К каждой такой командировке Копылов готовился, словно собирался сдавать экзамен в академию.
Теребя непокорные русые волосы, нахмурив лоб, он часами сидел за книгами, с блокнотом и пером в руках изучал стенды в комнате боевой славы.
Мысленно он репетировал свои беседы с новобранцами, подставляя себе в собеседники самых разных людей.
Он негодовал, злился, беседуя с равнодушным, недовольным, строптивым, уговаривал непонятливого, радостно улыбался, обнаружив старательного или пытливого, а порой робел, встретив очень ученого, все знающего и понимающего, да еще набравшего в аэроклубе сотню прыжков или — чего не бывает — имеющего звание мастера спорта по парашютизму…
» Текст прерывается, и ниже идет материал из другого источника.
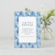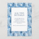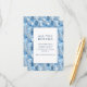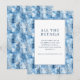 This wedding enclosure card features a serene winter theme with stylised blue trees creating a wintery forest backdrop. The central white square, framed by a thin blue line, highlights the elegant serif typography that guides guests to further details online. The colour palette of various blues evokes a calm and inviting atmosphere, perfect for setting the tone for a sophisticated event. The minimalist design focuses on clean lines and flat colours, making it both modern and timeless. Ideal for weddings, this card combines functionality with aesthetic appeal, ensuring all important information is presented in an attractive manner.
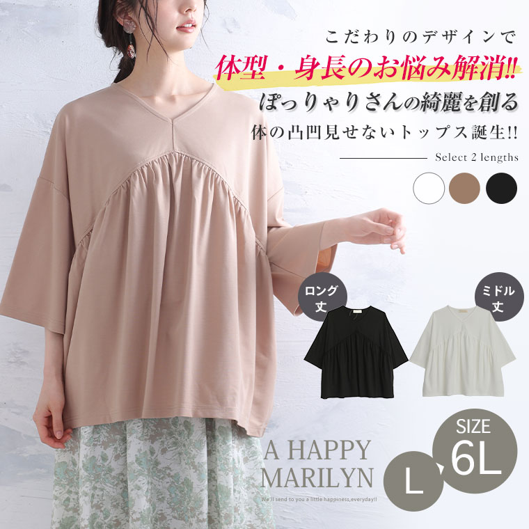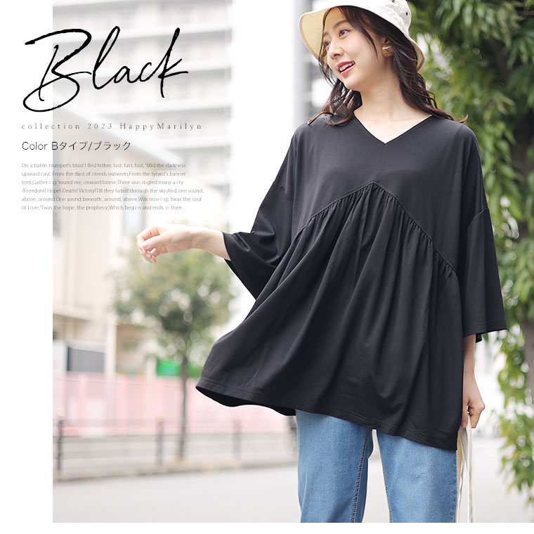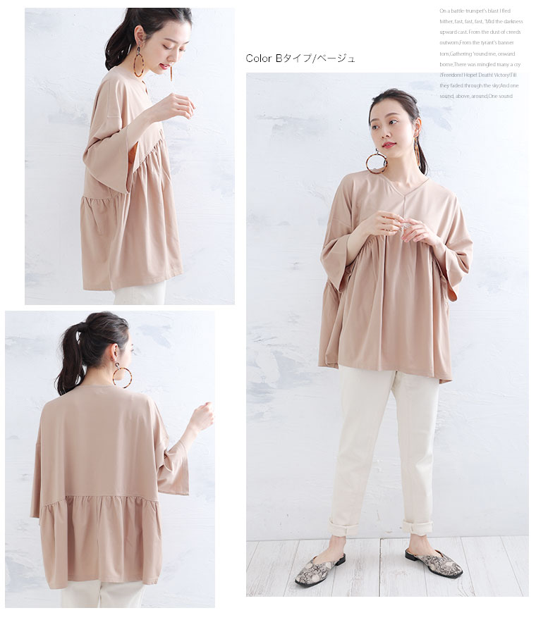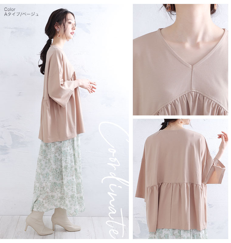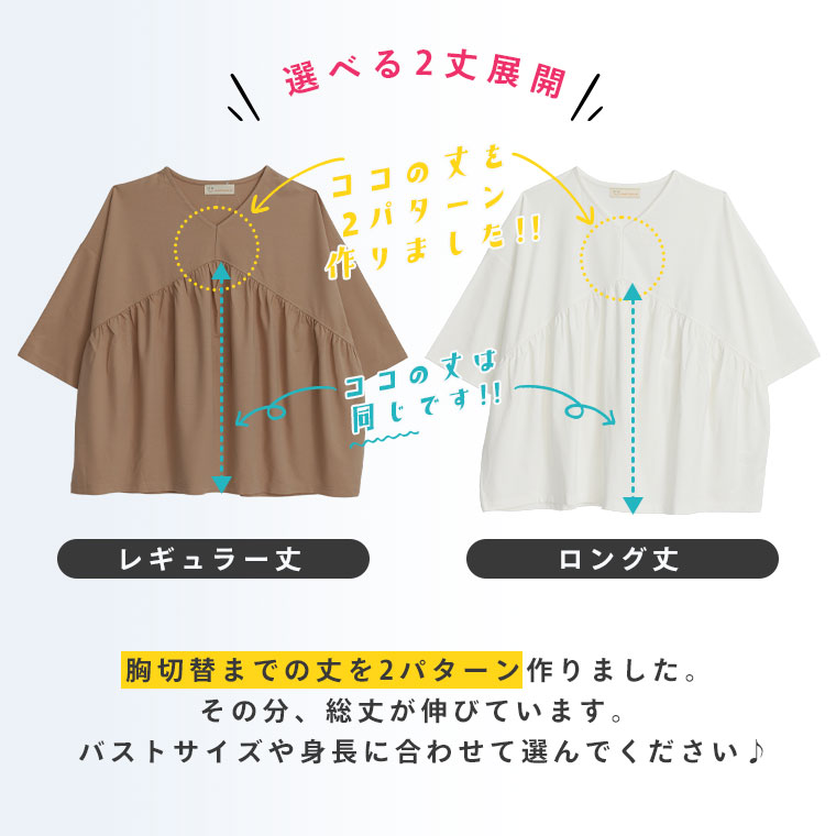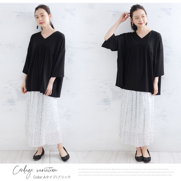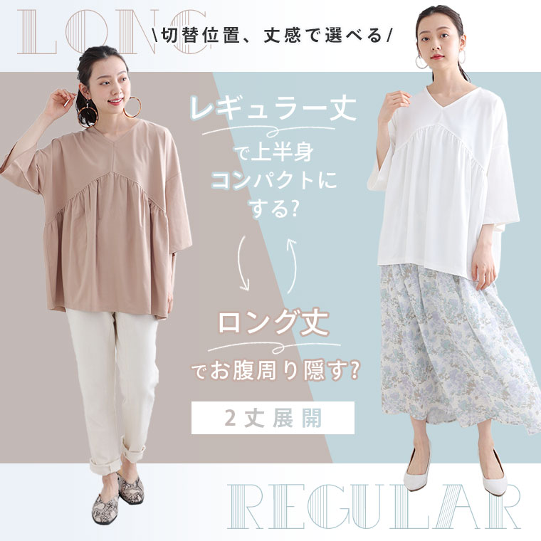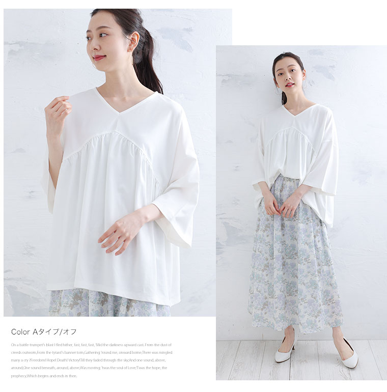 身体の凹凸を見せない 斜め切替ギャザートップス

Нынешние новобранцы были не те, что в его время, уже не говоря о временах более давних.
У каждого за спиной десятилетка или техникум, а то и один-два курса института. Они знали иностранные языки, разбирались в технике, имели спортивные разряды.
Чтобы учить таких, не рискуя обнаружить мимолетную усмешку или откровенное удивление на лице ученика, надо было много знать во многих областях, многое уметь, многое понимать.
А чтоб воспитывать эти сложные характеры, чтобы добиваться не слепого подчинения, а понимания и сознательного согласия, следовало быть не просто хорошим офицером, а этаким Макаренко в погонах.
Иногда у Копылова руки опускались при мысли о трудности стоящих перед ним задач. Но проходил набор, шла служба, все налаживалось и устраивалось. Были, конечно, и огорчения, и неприятности, и неудачи, но в конце концов, провожая очередных увольнявшихся в запас, вспоминая, каким кто был, каким стал, Копылов испытывал радость и гордость: за эти два года он вырастил не только хорошего специалиста, но воспитал в человеке добрые качества. А это куда важней.
Особенно радовался Копылов, когда от бывших питомцев приходили письма. Он тогда зачитывал их в роте, восторгаясь, что тот вон защитил кандидатскую, а этот изобрел машину, другой улетел в Арктику или стал чемпионом города, поступил в театральное училище, сделал первую операцию аппендицита, женился, заимел ребенка, написал статью в газету, выступил в профессиональном, а не любительском концерте, окончил училище, получив офицерское звание.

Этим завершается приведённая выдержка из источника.